When contributing to this R-package please discuss suggested changes via issues, email, or any other method with the maintainer of the package.

Please note the code of conduct below, and please follow it when contributing in any way.

## Pull Request Process
* Please make sure the package is build, checked and can still be installed after the changes.
* Update the file README.md with any relevant changes to the usage of the package. Make sure the installation guide in this file will sucessfully install the package without having preinstalled any dependencies. If new dependencies are added which require manual installation please add the details under Install in README.md.
* Increase the package version number.
* If the maintainer accepts the changes, she will merge in the Pull Request. To speed up this process, you may make the maintainer aware of the pull request via email.

## Code of Conduct

### Our Pledge

In the interest of fostering an open and welcoming environment, we as
contributors and maintainers pledge to making participation in our project and
our community a harassment-free experience for everyone, regardless of age, body
size, disability, ethnicity, sex characteristics, gender identity and expression,
level of experience, education, socio-economic status, nationality, personal
appearance, race, religion, or sexual identity and orientation.

### Our Standards

Examples of behavior that contributes to creating a positive environment
include:

* Using welcoming and inclusive language
* Being respectful of differing viewpoints and experiences
* Gracefully accepting constructive criticism
* Focusing on what is best for the community
* Showing empathy towards other community members

Examples of unacceptable behavior by participants include:

* The use of sexualized language or imagery and unwelcome sexual attention or
advances
* Trolling, insulting/derogatory comments, and personal or political attacks
* Public or private harassment
* Publishing others' private information, such as a physical or electronic
address, without explicit permission
* Other conduct which could reasonably be considered inappropriate in a
professional setting

### Our Responsibilities

Project maintainers are responsible for clarifying the standards of acceptable
behavior and are expected to take appropriate and fair corrective action in
response to any instances of unacceptable behavior.

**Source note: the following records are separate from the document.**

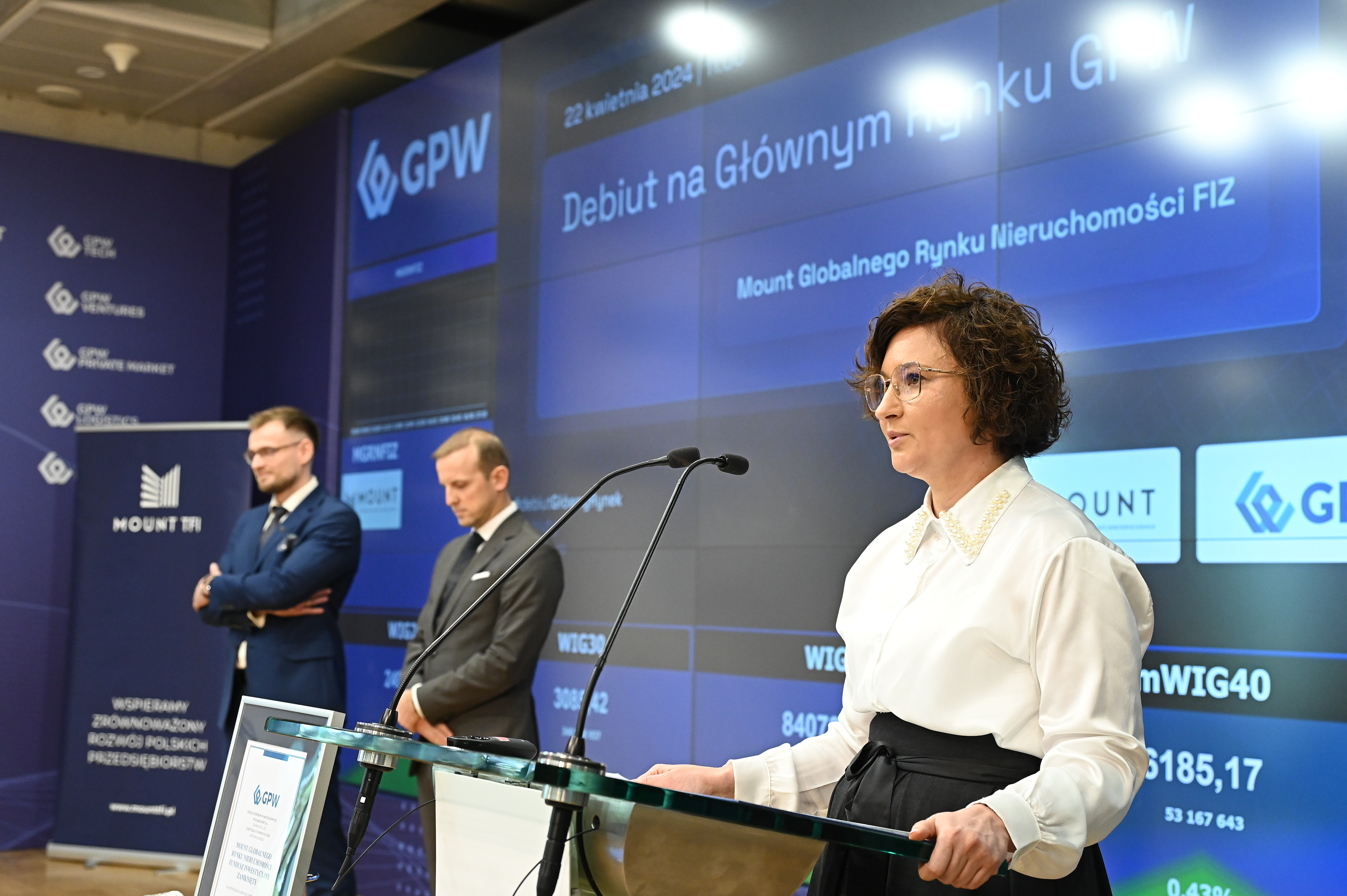 „Mount Globalnego Rynku Nieruchomości FIZ jest funduszem inwestycyjnym zamkniętym. Zamierza dążyć do realizacji celu inwestycyjnego, koncentrując się na lokatach, które dają ekspozycję na globalny rynek nieruchomości: głównie akcje spółek zagranicznych mających strukturę REIT-ów. Dzięki wprowadzeniu certyfikatów inwestycyjnych do obrotu na Giełdzie, Fundusz chce dać polskim inwestorom możliwość łatwego inwestowania w tę klasę aktywów” – powiedziała podczas debiutu Funduszu dr Monika Gorgoń, członek zarządu GPW.
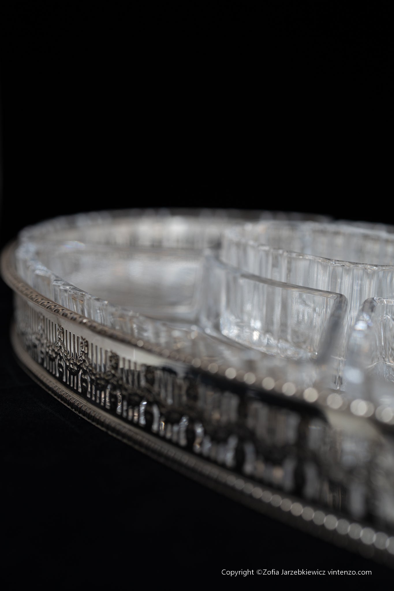 Viners of Sheffield Silver Plated Oval Tray with Crystal Glass Serving Dishes
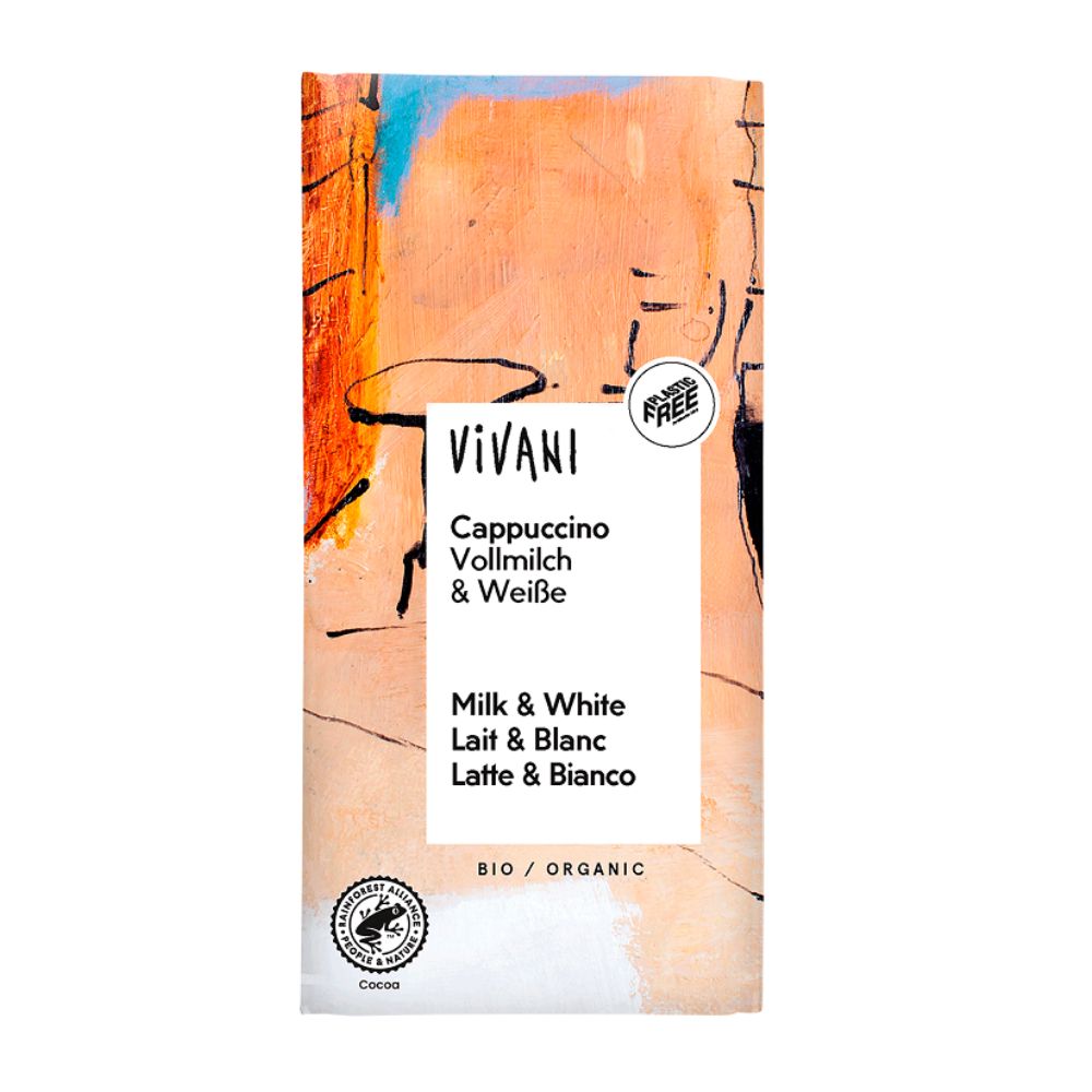 cukier trzcinowy nierafinowany*, tłuszcz kakaowy*, MLEKO pełne w proszku*, miazga kakaowa*, ŚMIETANA w proszku* (zawiera MLEKO), kawa* (2,5 %), odtłuszczone MLEKO w proszku*, SERWATKA w proszku* (zawiera MLEKO), ekstrakt z wanilii Bourbon*. (*certyfikowany składnik ekologiczny). Masa kakaowa minimum 40 %.

Project maintainers have the right and responsibility to remove, edit, or
reject comments, commits, code, wiki edits, issues, and other contributions
that are not aligned to this Code of Conduct, or to ban temporarily or
permanently any contributor for other behaviors that they deem inappropriate,
threatening, offensive, or harmful.

### Scope

This Code of Conduct applies within all project spaces, and it also applies when
an individual is representing the project or its community in public spaces.
Examples of representing a project or community include using an official
project e-mail address, posting via an official social media account, or acting
as an appointed representative at an online or offline event. Representation of
a project may be further defined and clarified by project maintainers.

### Enforcement

Instances of abusive, harassing, or otherwise unacceptable behavior may be
reported by contacting the project team at [ninnavihrs@hotmail.dk]. All
complaints will be reviewed and investigated and will result in a response that
is deemed necessary and appropriate to the circumstances. The project team is
obligated to maintain confidentiality with regard to the reporter of an incident.
Further details of specific enforcement policies may be posted separately.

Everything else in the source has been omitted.